232522 Trafficking in women: A cry for social justice

Tuesday, November 9, 2010 : 8:42 AM - 8:54 AM

Gopal Sankaran, MD, DrPH, CHES , Department of Health, West Chester University of Pennsylvania, West Chester, PA
Human trafficking refers to victimization of individuals due to either sexual exploitation or forced labor. The passage of the Protocol to Prevent, Suppress and Punish Trafficking in Persons, Especially Women and Children by the United Nations (adopted in 2000 and enforced since 2003) was expected to bring about a decline in victimization of women due to human trafficking. However, according to the UN Global Initiative to Fight Human Trafficking (UN.GIFT) Progress Update 2009, women still represented four out of five of all victims detected. This paper, with appropriate supportive evidence, focuses on trafficking in women and addresses: i) the underlying causes; ii) its economic implications; iii) the current status of legal and policy initiatives; and iv) the need to adopt a human rights framework in anti-trafficking efforts.

Learning Areas:
Advocacy for health and health education
Planning of health education strategies, interventions, and programs

Learning Objectives:
1. Explain the demand and supply forces that are driving global trafficking in women. 2. Discuss the legal and policy initiatives that are currently in place to address trafficking. 3. Specify at least three principles central to the future success of anti-trafficking efforts globally.

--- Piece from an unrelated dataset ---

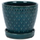 Embossed ceramic planter with a reactive teal glaze for long-lasting beauty. Measures 4.25-inches high and 5-inches in diameter and includes a matching saucer. Look to for a -stop-shopping home for all your floral, garden, gift and seasonal decor needs. For over 75 years has provided a wide range of seasonal designs, garden living, inspirational assortments and collections to help add functional decor to your outdoor spaces. INDOOR/OUTDOOR PLANTERS: Durable, high quality ceramic and glaze finish for long lasting beauty and use; suitable for any room in any home SMALL SIZE: Measures 4.25-inches high and 5-inches in diameter; matching saucer ALL-OVER INDENTED ARROW DESIGN ON EXTERIOR: Reactive teal glaze adds drama and dimension; nature of the process ensures no 2 look exactly alike IDEAL GIFT FOR GREEN THUMBS: Neutral design fits most décor and will accent any room in the home; add a favorite plant for a gift they'll never forget HOME AND GARDEN DÉCOR: Proud to be the leading source for all your home and garden décor for over 75 years - from floral containers, garden accessories whimsical to memorial, seasonal and holiday accents
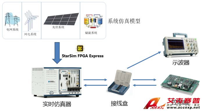 遠(yuǎn)程虛擬仿真實(shí)驗(yàn)只是進(jìn)行離線仿真,沒有辦法和實(shí)際硬件控制機(jī)構(gòu)成閉環(huán),并進(jìn)行實(shí)時(shí)的測(cè)試。與離線仿真不一樣的是,半實(shí)物仿真實(shí)驗(yàn)平臺(tái)采用NI硬件作為仿真的硬件平臺(tái),采用StarSim仿真軟件作為實(shí)時(shí)仿真的軟件架構(gòu),通過結(jié)合最先進(jìn)的硬件技術(shù)與建模仿真技術(shù)來實(shí)現(xiàn)電力電子實(shí)時(shí)仿真器。實(shí)時(shí)仿真器可以模擬真實(shí)電網(wǎng)中的各類電力電子系統(tǒng)的運(yùn)行情況,例如風(fēng)電系統(tǒng),光伏系統(tǒng),儲(chǔ)能系統(tǒng)以及直流輸電系統(tǒng)、STATCOM、SVG系統(tǒng)等。因此,使用者既可以在半實(shí)物仿真平臺(tái)上,進(jìn)行電網(wǎng)仿真、系統(tǒng)策略方面的研究,也可以通過連接實(shí)際控制器硬件或原型控制器(RCP)的方式,來進(jìn)行硬件在環(huán)測(cè)試,后期還能通過功率放大器來進(jìn)行功率硬件在環(huán)(PHIL)的研究,在科研、教學(xué)和橫向的開發(fā)上均應(yīng)用廣泛。

Presenting author's disclosure statement:

Qualified on the content I am responsible for because: I researched the topic, gathered the necessary data, and developed the abstract and the paper. Have over 25 years experience in global health as a teacher, trainer and researcher. Experience and expertise as a public health physician with work experience in both resource poor and resource rich settings
Any relevant financial relationships? No

I agree to comply with the American Public Health Association Conflict of Interest and Commercial Support Guidelines, and to disclose to the participants any off-label or experimental uses of a commercial product or service discussed in my presentation.